Disappointment, because some hopeful part of him had been braced to hear her say that she wanted him, the whole of him, and she had said instead that she wanted to pair up with him for the dive.

But under the disappointment was a thrill because she didn't want to leave his side.

Instead of choosing one of the trained Guardians to carry her safely through the water, she had chosen him, who'd never dived before.

"Sullha." He forced himself to be honest because she deserved it even when it cost him.

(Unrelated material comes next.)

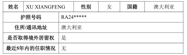 众所周知,在正式文件中用全字母表示的名字一般都是外国人,而查询威士顿的公告,XU某确实已经是澳大利亚公民了。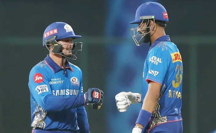 ନୂଆଦିଲ୍ଲୀ : କ୍ରମାଗତ ଦୁଇଟି ମ୍ୟାଚ୍ ହାରିବା ପରେ ଡିଫେଣ୍ଡିଂ ଚାମ୍ପିଅନ୍ ମୁମ୍ବାଇ ଇଣ୍ଡିଆନ୍ସ ଆଜି ବିଜୟଧାରାକୁ ଫେରିଛି । ଆଜି ଆଇପିଏଲ୍ ଦୁଇଟି ମ୍ୟାଚ୍ରୁ ପ୍ରଥମ ମ୍ୟାଚ୍ରେ ମୁମ୍ବାଇ ଇଣ୍ଡିଆନ୍ସ ୭ ୱିକେଟରେ ରାଜସ୍ଥାନ ରୟାଲ୍ସକୁ ପରାସ୍ତ କରିଛି ।କ୍ୱିଣ୍ଟନ୍ ଡି’କକ୍ ଓ କୃନାଲ୍ ପାଣ୍ଡ୍ୟାଙ୍କ ଦମଦାର ବ୍ୟାଟିଂ ବଳରେ ମୁମ୍ବାଇ ଇଣ୍ଡିଅ ।ନ୍ସ ୭ ୱିକେଟରେ ରାଜସ୍ଥାନ ରୟାଲ୍ସକୁ ପରାସ୍ତ କରିଛି ।ଉକ୍ତ ମ୍ୟାଚରେ ପ୍ରଥମେ ବ୍ୟାଟିଂ କରିଥିବା ରାଜସ୍ଥାନ ରୟାଲ୍ସ ୪ ୱିକେଟ୍ ହରାଇ ୧୭୧ ରନ୍ କରିଥିଲା ।ଜବାବରେ ମୁମ୍ବାଇ ୧୮.୩ ଓଭରରେ ୩ ୱିକେଟ୍ ହରାଇ ୧୭୨ ରନ୍ କରି ବିଜୟୀ ହୋଇଛି । ଏହି ବିଜୟ ସହ ମୁମ୍ବାଇ ୬ ମ୍ୟାଚରୁ ୩ ବିଜୟ ହାସଲ କରିଛି । ସେହିପରି ରାଜସ୍ଥାନ ୬ ମ୍ୟାଚରୁ ୨ଟି ବିଜୟୀ ହୋଇଛି ।

"I'm not a diver. This is my first time, and all I've been given is a ten-minute crash course.

You would be safer with a Guardian who is experienced and has done this before.

Far safer. I'd never forgive myself if I put you at risk. "

"I'd rather take a risk with you than be safe with anyone else."

This statement could be understood in so many ways, but he couldn't allow himself to read too much into it. She preferred to risk the dive with him than do it safely with a stranger.

That was all. There was no other meaning to it.

"I trust you with my life," she continued. "I want to make this crossing holding on to you."

And then she lifted onto her toes and kissed him.

It was a small thing. Chaste, brief, her lips soft against his for the space of a few heartbeats and no more, nothing like what he'd seen in the dream that had haunted them both, nothing elaborate or hungry.

And yet it held so much meaning. Every word she hadn't said and every word she had, the whole of the shift she'd made somewhere between the blood and terror of the day, was pressed into the simple meeting of their lips.

When she settled back onto her heels, Yaaf found that his single, solitary mind had gone entirely silent, and for a long moment, this mind of his could produce absolutely nothing.

"We'll have to stay close to the Guardians," he managed once his thought process rebooted. "I'll follow their lead. If anything goes wrong, you do exactly what they signal, not what I do, because they know what to do, and I don't."

"I'm fine with that." Sullha slid her hand from his cheek down to his chest, over the stiff, bloodied fabric and the bullet holes, and rested it there, over the place where his heart was. "Close to the Guardians but holding on to you."